Drafts shor t stories

No. 1 / Summer 2013



For E.K. : Thanks for the ideas and the instigation.


Let’s listen to something. J.Wilson It was springtime, night, an old record was on the turntable, sad and nostalgic. He was sitting alone in the basement. The music was pulling memories out from the back of his mind - memories of walking alone in certain places during the fall months of the year, headphones on, mind wandering. Reading a story in the middle of the night, alone in a tent, eyes heavy. The song ended and he realized then that it was storming outside. He wondered about the man he had seen walking along the road earlier, if he had made it to where he was going, or if he was still walking and if so did he find cover from the rain? He had also seen a possum about to cross the street in front of his car but instead froze in the headlights. He wondered if the possum has made it safely across the street or had some other car come crashing down on it? Emily called then, from the top of the stairs. “Cal? Are you down there?” “Yes, I’m here,” he said. He stood up with a groan because his knees were stiff and sore. “Are you ready to go or what?” “I’m coming right now, hold on,” he called back. It had started to really rain and he could barely see anything ahead of the car, just rain drops illuminated by the headlights. “We’re going to be late,” she said, blame in her voice. “We told them we’d be there by nine.” “It’s fine, they’ll wait,” he said, squinting into the dark. “What was the street again?” “Ridgeview or something like that. Ridgeway?” When they pulled up to the house, a dog started barking. He could see it at the front window, its paws up on the windowsill. The rain had let up a bit. The man and his wife came out as they were walking up to the porch. “Hi there. You find it alright?” the man called.

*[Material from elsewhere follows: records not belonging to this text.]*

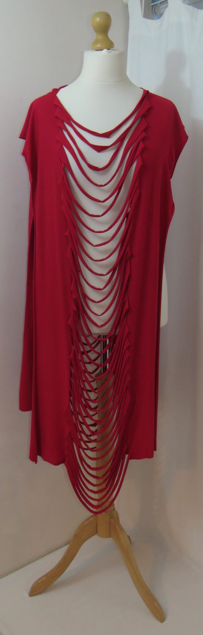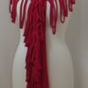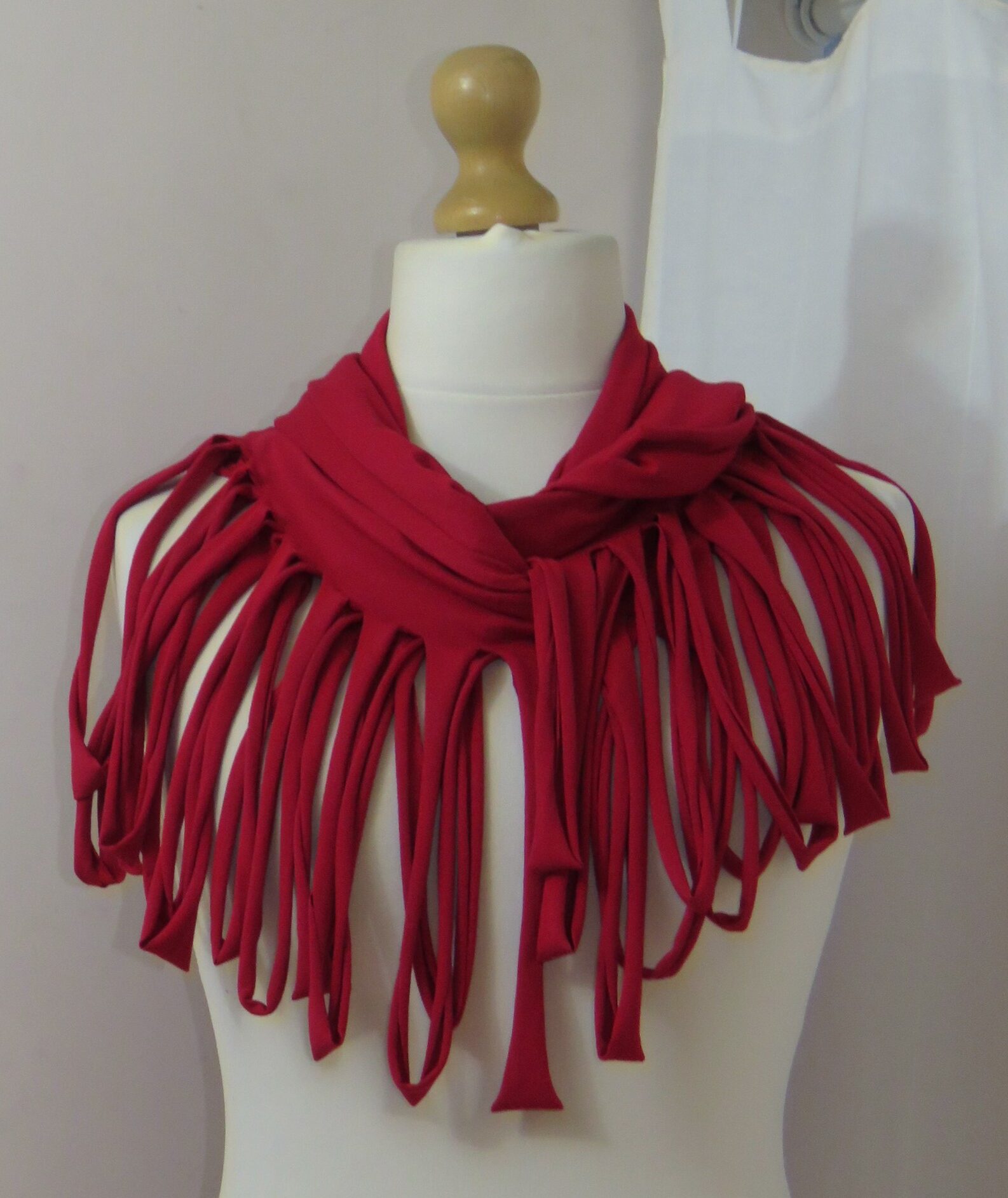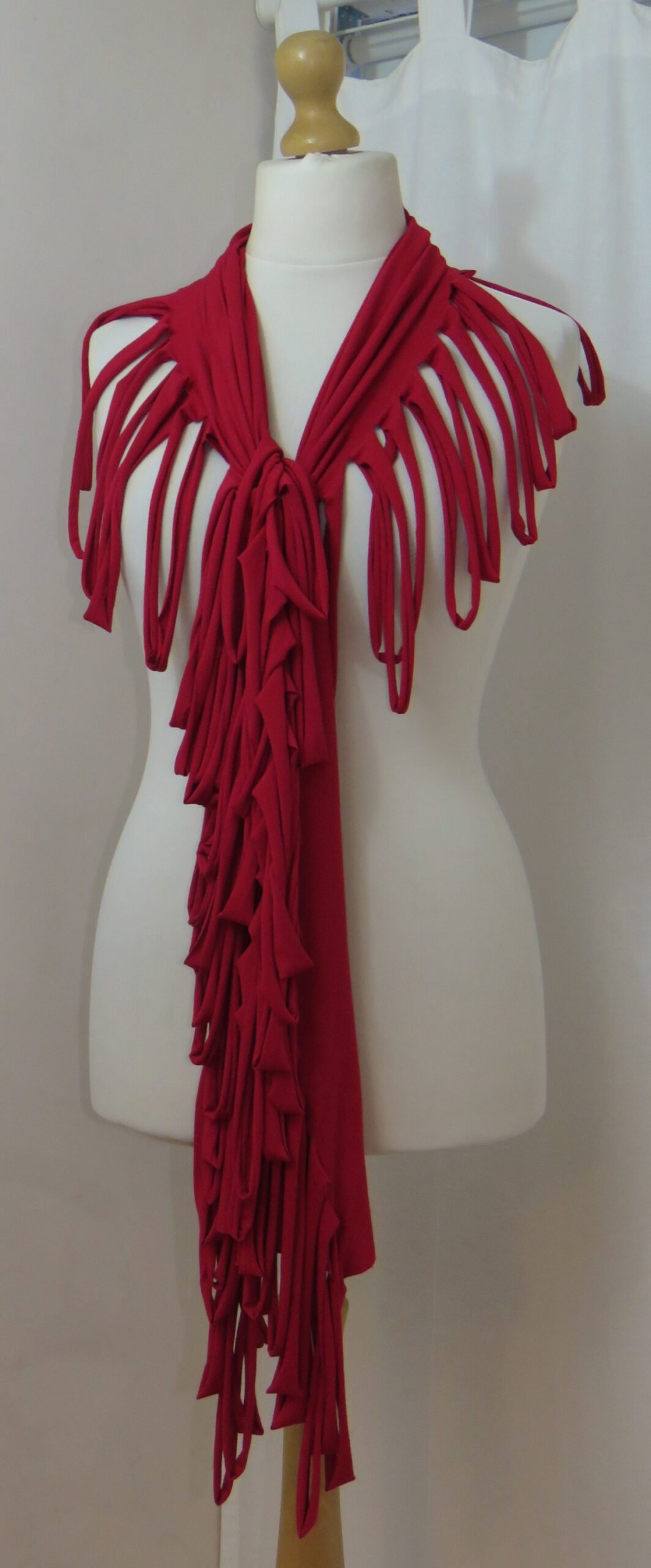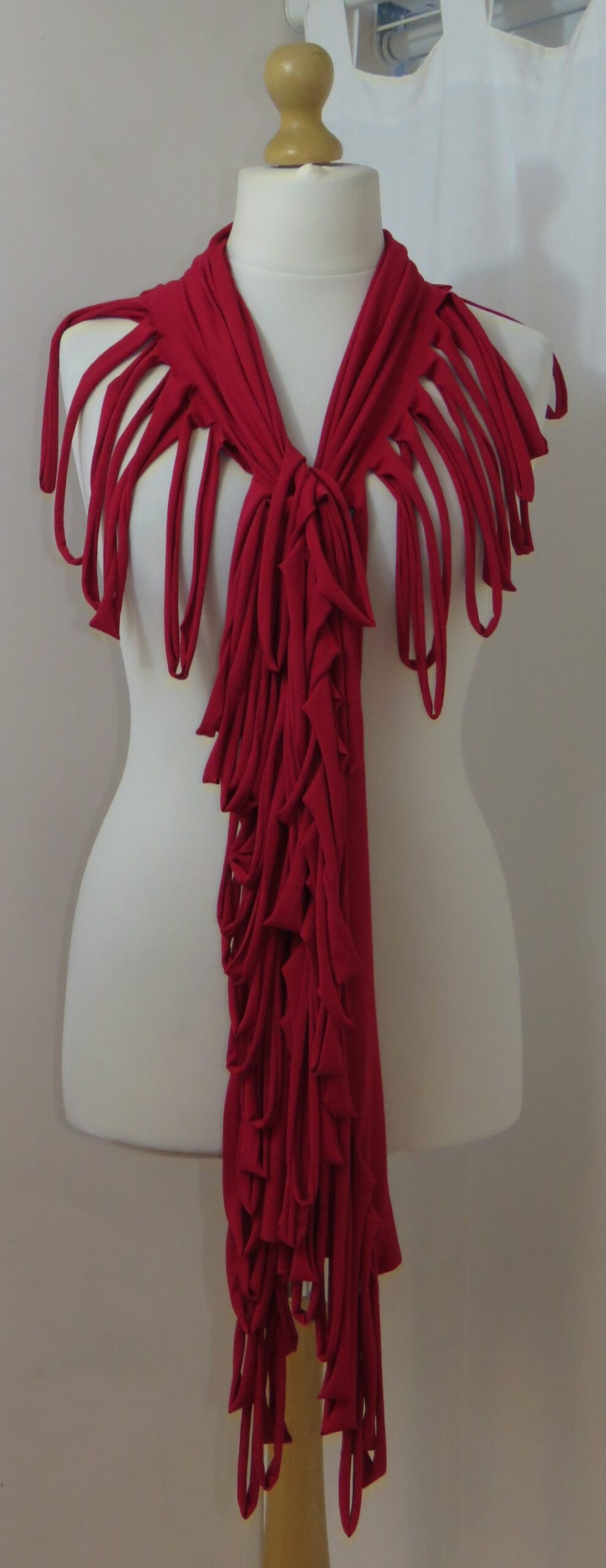 This is a fabulous, dark red Lagenlook, jersey, ladder scarf. It measures approx. 197cms x 71cms (measurements may vary slightly – if you want to know exact measurements, please contact me) and can be worn in many different ways. You can:
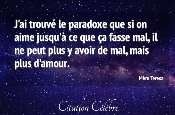 J'ai trouvé le paradoxe que si on aime jusqu'à ce que ça fasse mal, il ne peut plus y avoir de mal, mais plus d'amour.
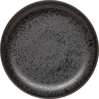 Der 20,2 cm große Dessertteller aus der Serie Ebony ist aus hochwertigem Porzellan gefertigt und besticht durch sein modernes, unverwechselbares Design. Die elegante schwarze Farbe in Kombination mit der unregelmäßigen Oberflächenstruktur ergibt ein einzigartiges Design, das jedes Stück zu einem Unikat macht und ihm eine stilvolle und luxuriöse Note verleiht. Der Teller eignet sich ideal zum Servieren kleinerer Gerichte, Vorspeisen oder Desserts und ist sowohl in der Gastronomie als auch im modernen privaten Essbereich ein Blickfang. Porzellan garantiert hohe Langlebigkeit im täglichen Gebrauch, und der Teller ist spülmaschinenfest.
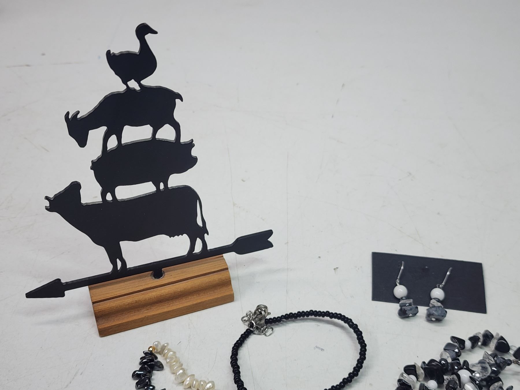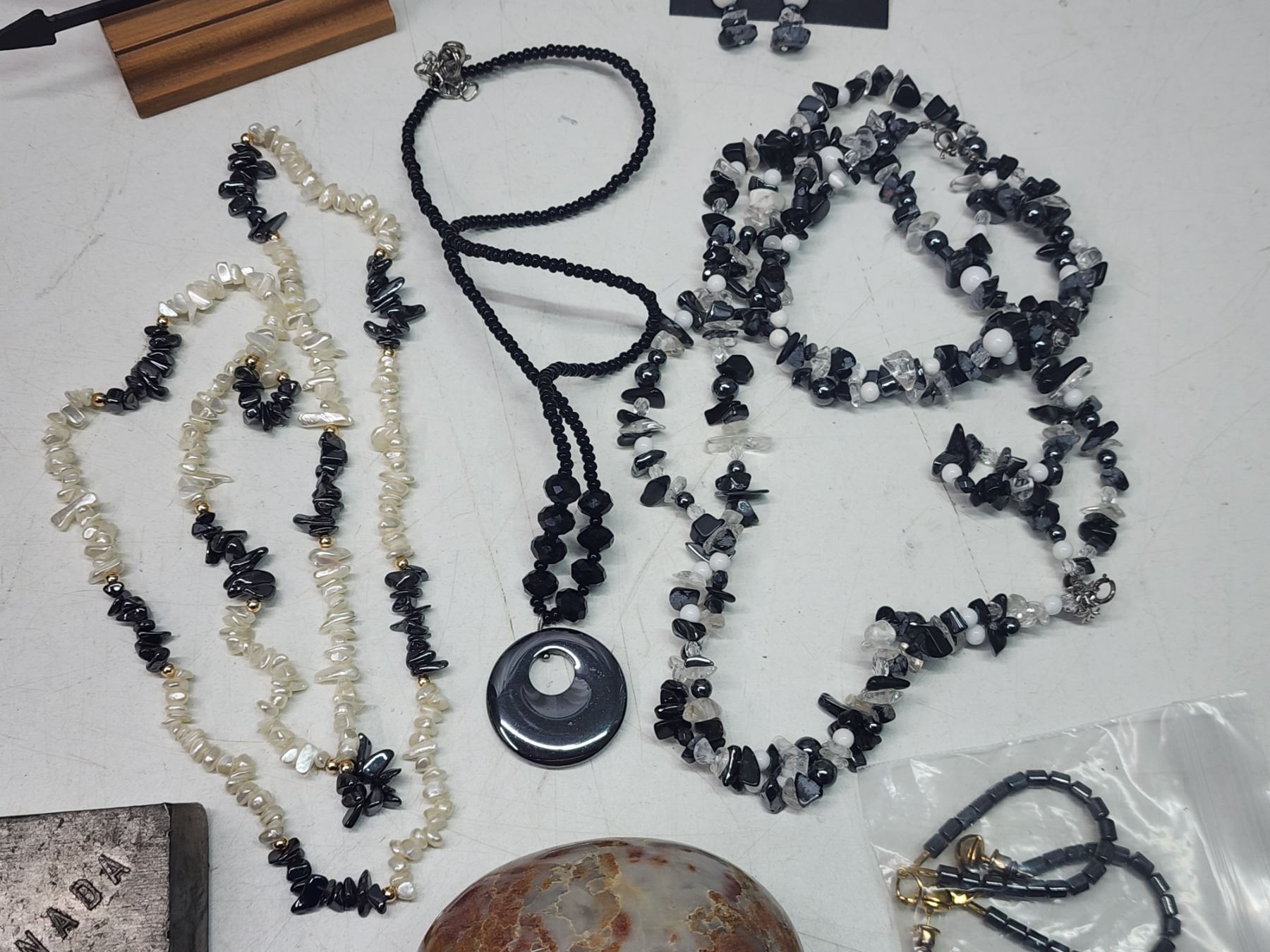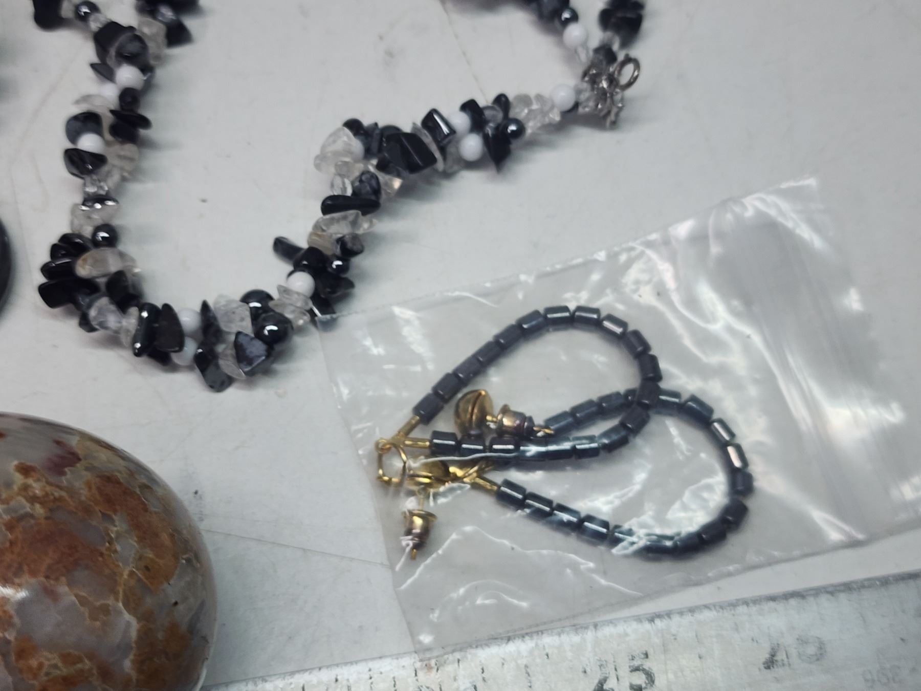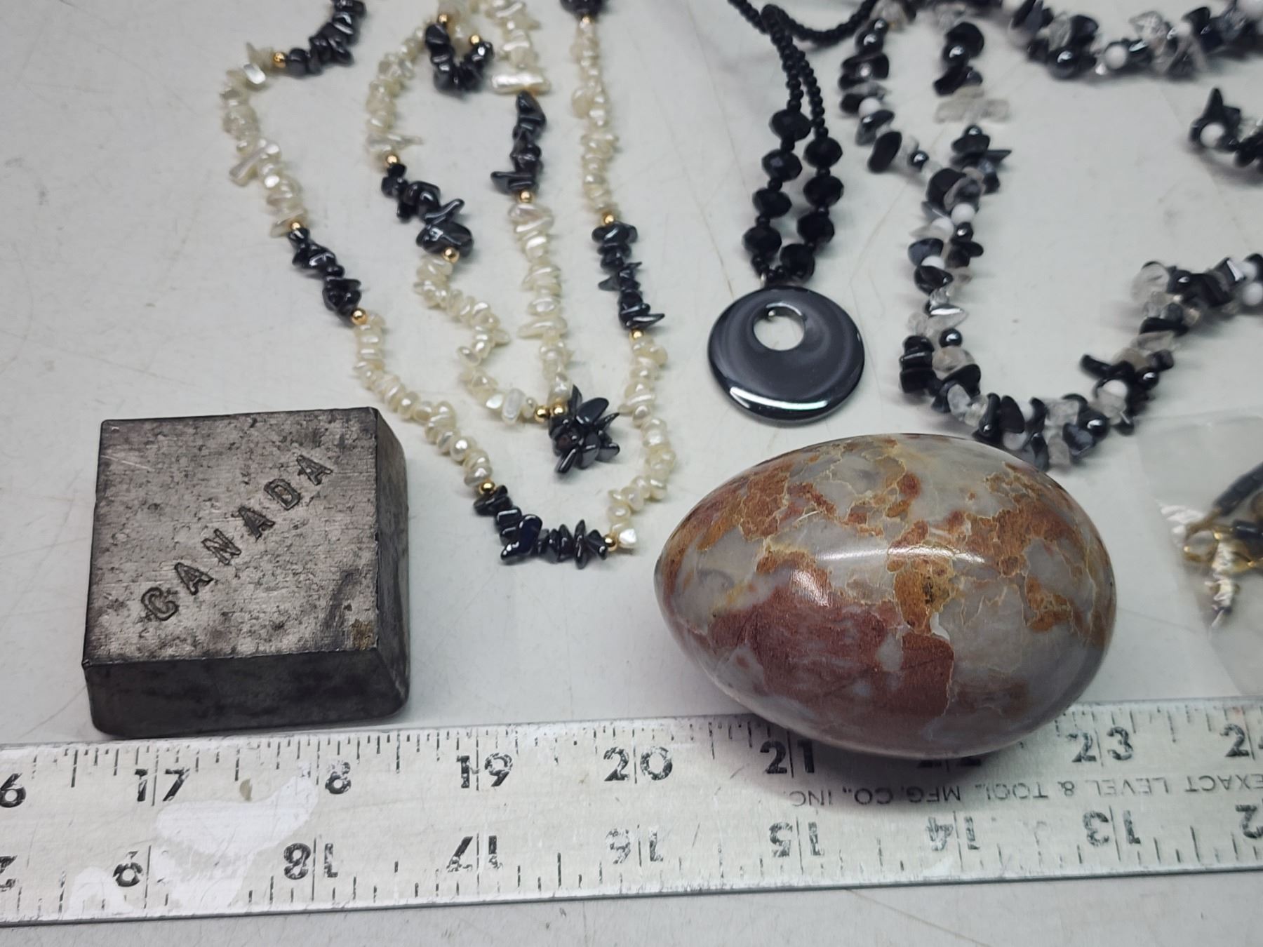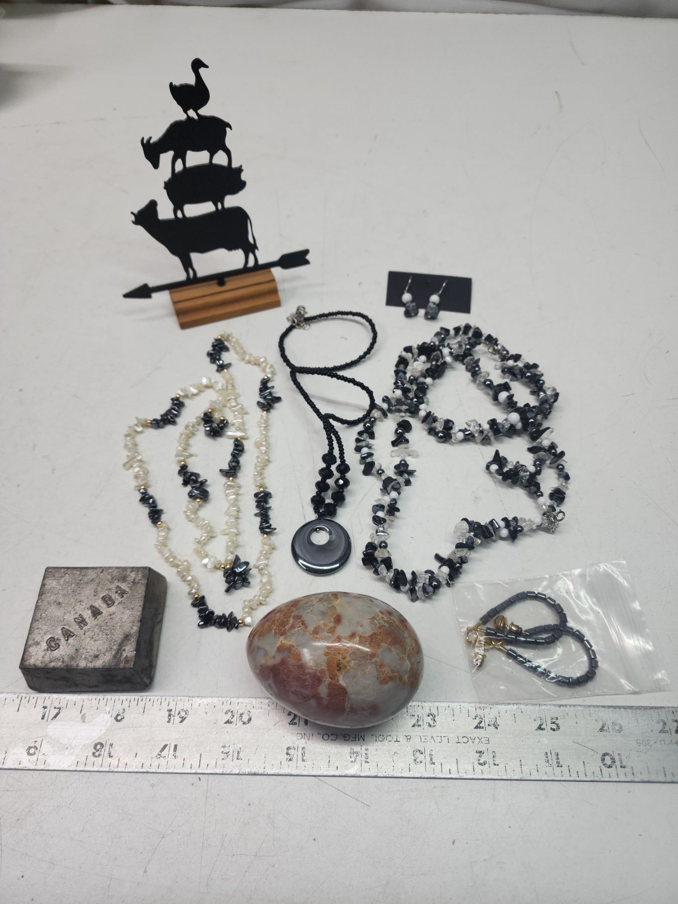 Misc. items - Lead paper weight, Quartz crystal egg, hematite necklaces, etc.

They walked in the drizzling rain around to the back of the house where there was an old red shed. The man fumbled with the latch on the door and then held it open for them. “Well, this is it,” he said. “It works?” Cal asked. “Oh yeah, she works alright,” said the man, nodding emphatically. The jukebox was covered in a layer of dust, but otherwise it looked to be in fair condition. Cal laid a hand on top of it and crouched a little to get a better look through the window at the stacked records and mechanism. “I could plug her in, she works just beautifully,” the man said. “Let’s see, there’s an extension cord around here somewhere. Sue, you know where that cord is?” As the man and his wife were busy looking for the cord, Cal and Emily stood by, studying the details of the jukebox and make small nods with their heads. “What do you think?” Emily asked. Before Cal could say anything the man let out a relieved grunt. “Ah, here it is,” he said, pulling a pile of cord out from behind an old refrigerator. The wife clapped her hands together, startling them. “Let’s listen to something,” she said, cheerfully. Cal looked at her curiously. She had been so quiet until that moment, he hadn’t expected her to say anything. The man succeeded in plugging the jukebox in and it lit up, filling the space with an warm yellow light. “Let’s see here, what should we listen to?” he said, wiping dust off the buttons. Before he could push any buttons, the wife brushed him aside and pressed a button. There were some mechanical sounding noises as the record was selected, then a moment of silence, a hissing noise as the needle dropped onto the record and then the music started. It was an upbeat soul record, one that Cal did not immediately recognize, but that felt familiar. The wife started bouncing her hips and swaying with the rhythm, smiling gleefully. She took the man’s hand and they started to dance together. They danced with such energy that it seemed as though they had forgotten about Cal and Emily. They danced and Cal and Emily watched them and outside it had started to really rain again.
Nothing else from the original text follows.